Setting the current US system in a historical context (in particular the fact that terrestrial radio stations are exempt from paying royalties for broadcasting sound recordings) the RIAA says “We propose to replace the current overlapping musical work licensing systems with a single, simple and efficient system that incorporates marketplace royalty payments.

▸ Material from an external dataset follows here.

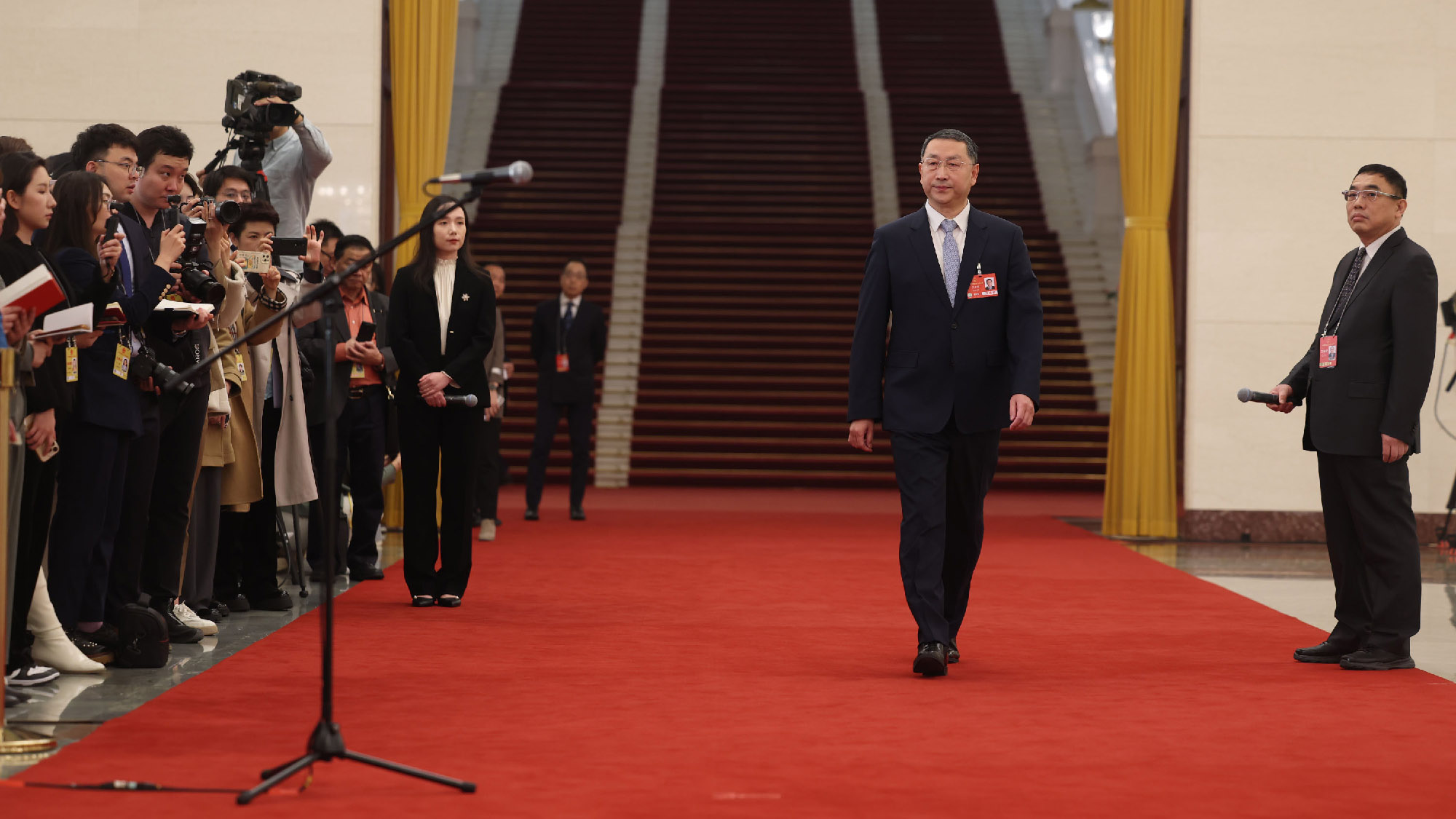 3月11日下午閉幕會后,在人民大會堂北大廳舉行十四屆全國人大三次會議第三場“部長通道”集中采訪活動,邀請部分列席會議的國務院有關部委主要負責人接受采訪。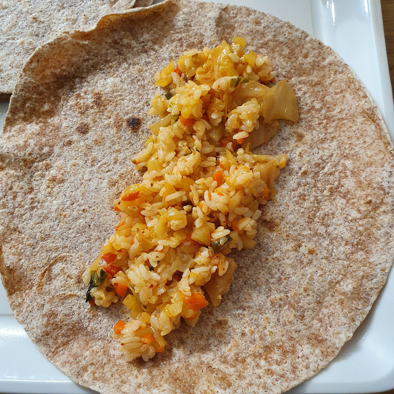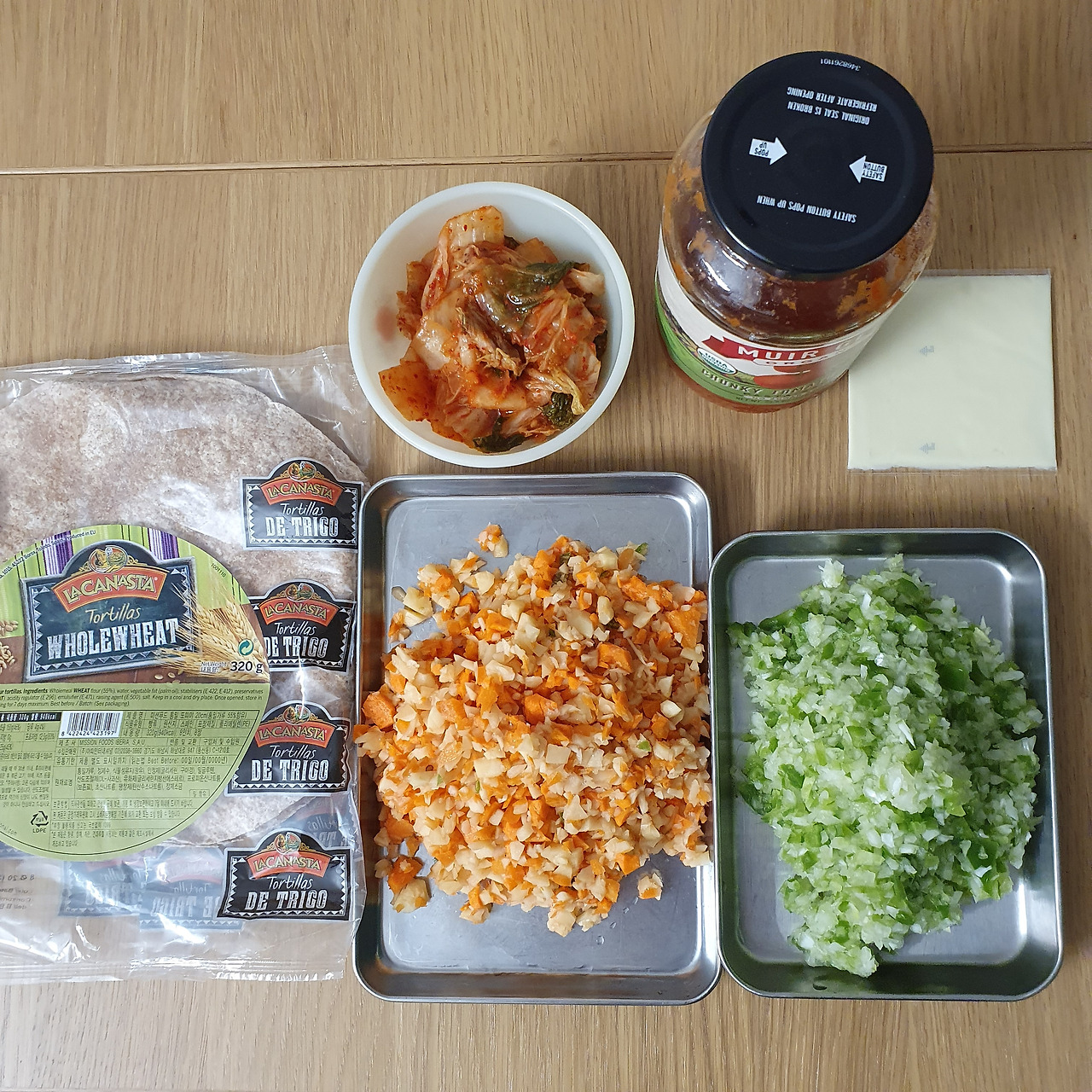 오늘은 집에 있는 재료로 어떤 저녁을 먹을까 고민했다. 오래전에 사놓은 또띠아가 있었고, 각종 야채들이 조금 있었다. 또띠아를 빨리 먹어치우고 싶어 속을 어떻게 만들면 좋을까 고민을 했다. 얼마 전에 사 온 김치가 맛있어서 야채와 함께 볶음밥 같이 만들어 속을 채워 먹으면 맛있을 것 같았다.

As described below, such a system would have many potential advantages, including: (1) market rates for publishers and songwriters; (2) more consumer choice through easier funding and development of innovative services; (3) more revenue for services and higher royalties for creators due to savings from simplified licensing procedures; (4) improved accuracy of payments and transparency for publishers and songwriters; and (5) viability for ASCAP and BMI, and the revenue streams they administer.”

And on the matter of who gets paid what from any revenues from downloads ….. Universal have now responded to the multiple lawsuits it is facing from its own artists over its controversial policy of treating a download (or even streaming income) as a ‘sale’ rather than licensing income – attracting the far lower ‘per unit’ royalty from a sale. The Hollywood Reporter explains that the new motions to dismiss from UMG “stems from a 2010 appellate ruling in F.B.T. Productions v. Aftermath that suggested that record labels should be treating digital download income off of venues like Apple’s iTunes as “licenses” rather than “sales.” The difference could mean a lot of money because under typical licensing or leasing provisions of artist-label contracts, about 50 percent of collected revenue gets handed over to artists. Under sales provisions, it’s usually not more than 15 percent – if they are lucky.” UMG says that the F.B.T precedent is wrong and that a sale on iTunes should be like any other sale of physical product – and that in fact when the this all started UMG were generous to artistes as it waived its ‘packaging deduction’ for download sales – and that many artists and their representative hailed the new royalties model – albeit one based on the old – as preferable to wholesale piracy. A few artist attorneys are said to have brought forward the argument that these downloads were “licenses,” an interpretation which Universal Music rejected. Then came the F.B.T. decision, and subsequently “the firestorm of litigation” with Chuck D. of Public Enemy, Rick James (by way of trust), Dave Mason of Traffic, Whitesnake, Andres Titus of Black Sheep, Ron Tyson of The Temptations and Bo Donaldson all still ready to challenge Universal Music’s accounting. UMG have put up numerous other arguments rejecting the claims:  that lawsuits alleging that consumers were hurt by royalty arrangements are invalid because consumers aren’t aware of these dealings; that some of the artists suing under Californian law had contracts that were governed by New York law; that 1970s singer Bo Donaldson couldn’t sue because of an agreement with his former bandmates that majority participation was required to litigate; and Ron Tyson of The Temptations wasn’t party to the crucial contracts because he didn’t join the group until 1983. The the article on THR is well worth the read.